首先是 cuda-tools 就是之前 check runtime、check kernel 等一些关于 cuda 封装的小工具，然后就是 ilogger，提供了很多常用的小函数，相当于一个工具 utils 类，接下来是 infer_controller，它是一个消费者的封装，因为很多代码都是重复的，这边对它常用的东西进行了简单的一个封装

然后就是 json，这是一个第三方库用于解析 json 文件，而 monopoly_allocator 是一个独占分配器，解决的核心问题是队列上限没有限制的问题，我们之前加限制是用的 condition_variable，现在加限制是通过独占分配器来加，它还可以用来解决 tensor 复用问题

在往下就是 preprocess_kernel 预处理的核函数，最好就是我们的 trt_tensor，和之前封装的一样，没有啥区别，它包含 MixMemory 和 tensor 两部分

common 分析完了，我们来看 infer 部分，infer 就是我们之前写的 RAII + 接口模式的封装

再往下就是 onnx 文件夹，它就是 onnx 解析器所依赖的几个 cpp，是由 onnx.proto 生成的

再就是 onnx_parser 解析器的代码，再往后就是 onnxplugin，就是把 ONNXEasyPlugin 抽出来，也提供了几个简单的 plugin 示例，可以多看看

以上就是整个 tensorRT 的封装

我们再来看 yolo 部分

app_yolo:.
    ├─object_detector.hpp
    ├─yolo_decode.cu
    ├─yolo.cpp
    └─yolo.hpp

我们先来看 yolo.hpp，由于 V5、X、V3 的后处理都是一样的，因此我们完全可以一套代码支持三种模型，如下：

enum class Type : int{
    V5 = 0,
    X  = 1,
    V3 = V5
};

然后就是 NMS 提供测试的 CPU 版本以及实际的 GPU 版本，如下：

enum class NMSMethod : int{
    CPU = 0,         // General, for estimate mAP
    FastGPU = 1      // Fast NMS with a small loss of accuracy in corner cases
};

接下来就是 Infer 的封装，接口类

class Infer{
public:
    virtual shared_future<BoxArray> commit(const cv::Mat& image) = 0;
    virtual vector<shared_future<BoxArray>> commits(const vector<cv::Mat>& images) = 0;
};

shared_ptr<Infer> create_infer(
    const string& engine_file, Type type, int gpuid,
    float confidence_threshold=0.25f, float nms_threshold=0.5f,
    NMSMethod nms_method = NMSMethod::FastGPU, int max_objects = 1024,
    bool use_multi_preprocess_stream = false
);

create_infer 函数中多了可以选择模型的 Type，是 V3、V5 还是 X，然后是 nms 的方法选择以及 max_objects 的设置

这就是 yolo.hpp 中的内容

我们来看 yolo.cpp 中和之前不一样的地方，可以发现多了一个 ControllerImpl，它是一个模板类，就是我们之前说的 InferController 消费者模型的封装，可以避免我们写大量重复的线程代码，比如说启动线程，停止线程，添加任务到队列，从队列获取任务

using ControllerImpl = InferController
    <
        Mat,                    // input
        BoxArray,               // output
        tuple<string, int>,     // start param
        AffineMatrix            // additional
    >;

然后在 preprocess 函数中不同的是我们会向 tensor_allocator_ 申请一个 tensor

job.mono_tensor = tensor_allocator_->query();
if(job.mono_tensor == nullptr){
    INFOE("Tensor allocator query failed.");
    return false;
}

那为什么要求申请 tensor 呢？

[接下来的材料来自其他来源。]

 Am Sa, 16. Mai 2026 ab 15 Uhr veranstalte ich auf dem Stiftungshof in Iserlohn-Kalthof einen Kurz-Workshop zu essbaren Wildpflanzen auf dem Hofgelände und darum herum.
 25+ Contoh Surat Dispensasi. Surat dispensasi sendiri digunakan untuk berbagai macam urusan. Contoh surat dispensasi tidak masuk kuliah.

我们先来考虑下实际遇到的问题：

1. tensor 的复用性差，每次你都要在 preprocess 上分配新的 tensor，在 worker 中使用完又会释放 tensor，性能很差

2. 预处理完的数据往队列中抛，会造成队列堆积大量的 tensor（commit 频率高，infer 频率低，很容易造成堆积），堆积的结果就是显存占用很高，导致系统不稳定，无法长期运行

我们是通过 tensor_allocator_ 管理 tensor 来解决上述两个问题的：

使用一个 tensor_allocator_ 来管理 tensor，所有需要使用 tensor 的，找 tensor_allocator_ 申请。我们会预先分配固定数量的 tensor（例如10个），申请的时候，如果有空闲的 tensor 没有被分配出去，则把这个空闲的给它，如果没有空闲的 tensor 则等待。如果使用者使用完毕了，它应该通知 tensor_allocator_，告诉 tensor_allocator_ 有空闲的 tensor 了，可以进行分配了。

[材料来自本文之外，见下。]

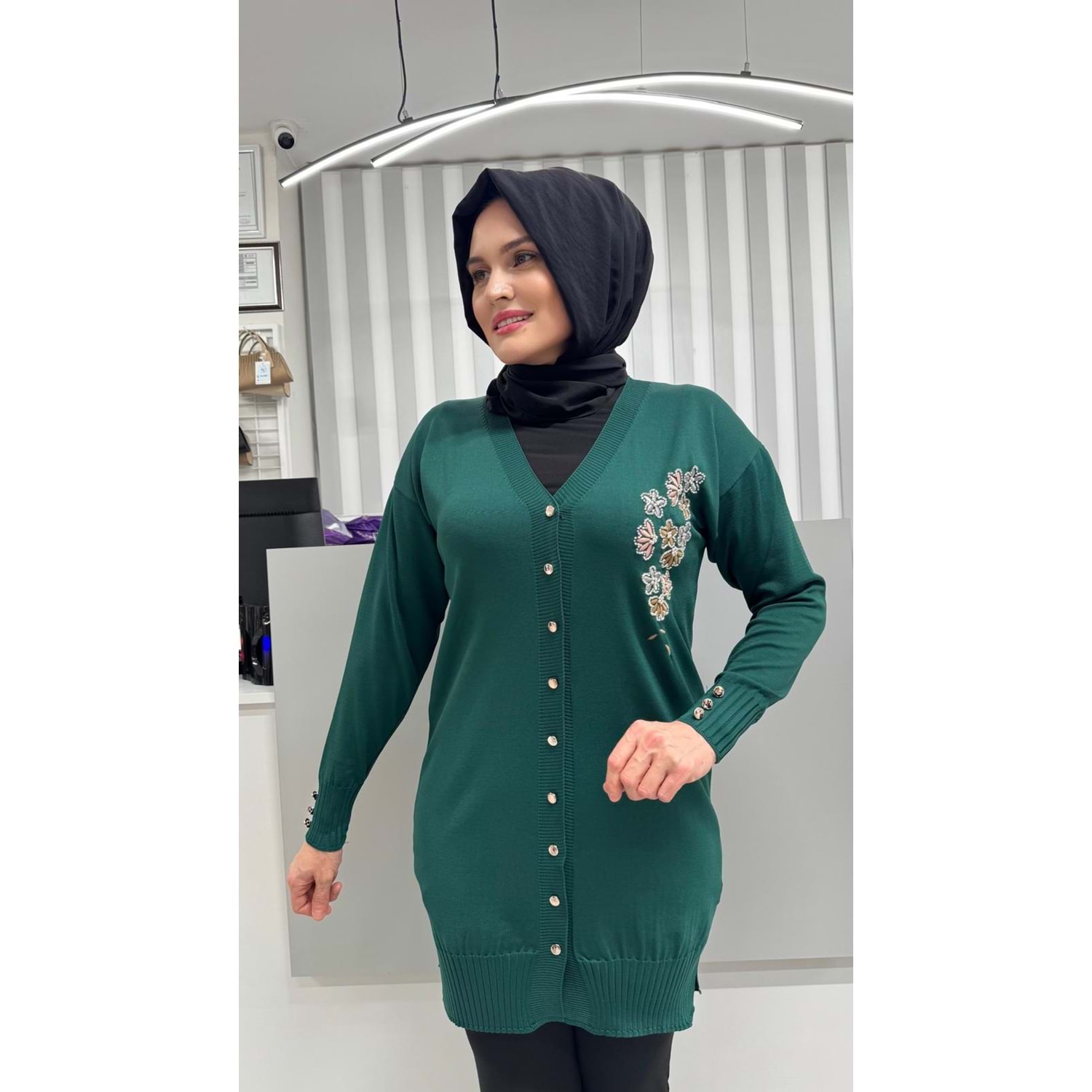 Taşlı Çiçek Desenli Merserize Hırka 3280 - Zümrüt Yeşili - TEK BEDEN - AZRA07082-56792
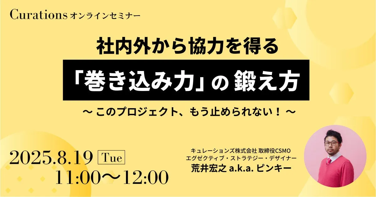 2025年8月19日(火)11:00から、キュレーションズ株式会社が無料のオンラインセミナーを開催します。そのテーマは「社内外から協力を得る『巻き込み力』の鍛え方」です。このセミナーでは、ビジネスプロジェクトを成功に導くために必要な協力者を得るための戦略的アプローチを学ぶことができます。
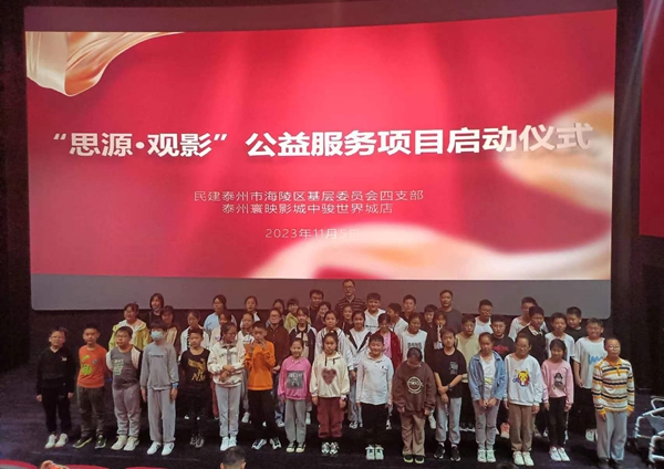 “思源·觀影”公益服務項目由民建泰州市海陵區基層委員會四支部、南京萬達電影城有限公司泰州中駿世界城店承辦,目的是大力傳承優秀傳統文化,開展愛國主義教育,為人民群眾提供喜聞樂見的學習體驗。
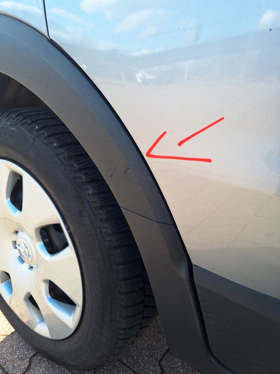 Auf der Beifahrerseite befinden sich leichte Kratzer an der Stoßstange, an der Tür sowie an den hinteren Kunststoffteilen (siehe Bilder). Diese stammen vom Vorbesitzer, der beim Einparken in der Garage leicht gestreift ist.

这种方式处理了 tensor 复用的问题，它实现了申请数量太多，处理不过来时等待的问题，其实就等于处理了队列上限的问题

那最后我们看看 worker 中的实现：

for(int ibatch = 0; ibatch < infer_batch_size; ++ibatch){

    auto& job                 = fetch_jobs[ibatch];
    float* image_based_output = output->gpu<float>(ibatch);
    float* output_array_ptr   = output_array_device.gpu<float>(ibatch);
    auto affine_matrix        = affin_matrix_device.gpu<float>(ibatch);
    checkCudaRuntime(cudaMemsetAsync(output_array_ptr, 0, sizeof(int), stream_));
    decode_kernel_invoker(image_based_output, output->size(1), num_classes, confidence_threshold_, affine_matrix, output_array_ptr, MAX_IMAGE_BBOX, stream_);

    if(nms_method_ == NMSMethod::FastGPU){
        nms_kernel_invoker(output_array_ptr, nms_threshold_, MAX_IMAGE_BBOX, stream_);
    }
}

推理是怎么做呢？首先获取 input，然后拿到我们的 mono_tensor，然后把它的 gpu 地址传给 input，这个 input 其实就是 engine 的 input，拷贝好了以后就可以通知 mono_tensor 进行 release 了，注意 release 只是释放其所有权并不是释放其内存（即通知它我不需要使用了，你可以分配了，通知的是 tensor_allocator_），这个过程限制了队列的上限

然后去做推理，推理完之后把结果去做一个 decode，然后把 decode 的 boxes 塞到 promise 中

以上就是终极封装的全部内容了，其实也就是 tensorRT_Pro 这个 repo 的内容😂，实现高性能的同时稳定可靠

总结

本次课程我们学习了 tensorRT 的终极封装形态，也就是把 tensorRT_Pro 中的封装思想过了一遍，包括 builder、infer 的封装，还包括一些常见的比如 cuda_tools、ilogger、json、trt_tensor、preprocess_kernel 等的封装，关于 yolo 的封装我们使用了 InferController 封装的消费者模型以及 tensor_allocator_ 解决 tensor 复用和队列上限限制问题，具体细节还是得多去研究了。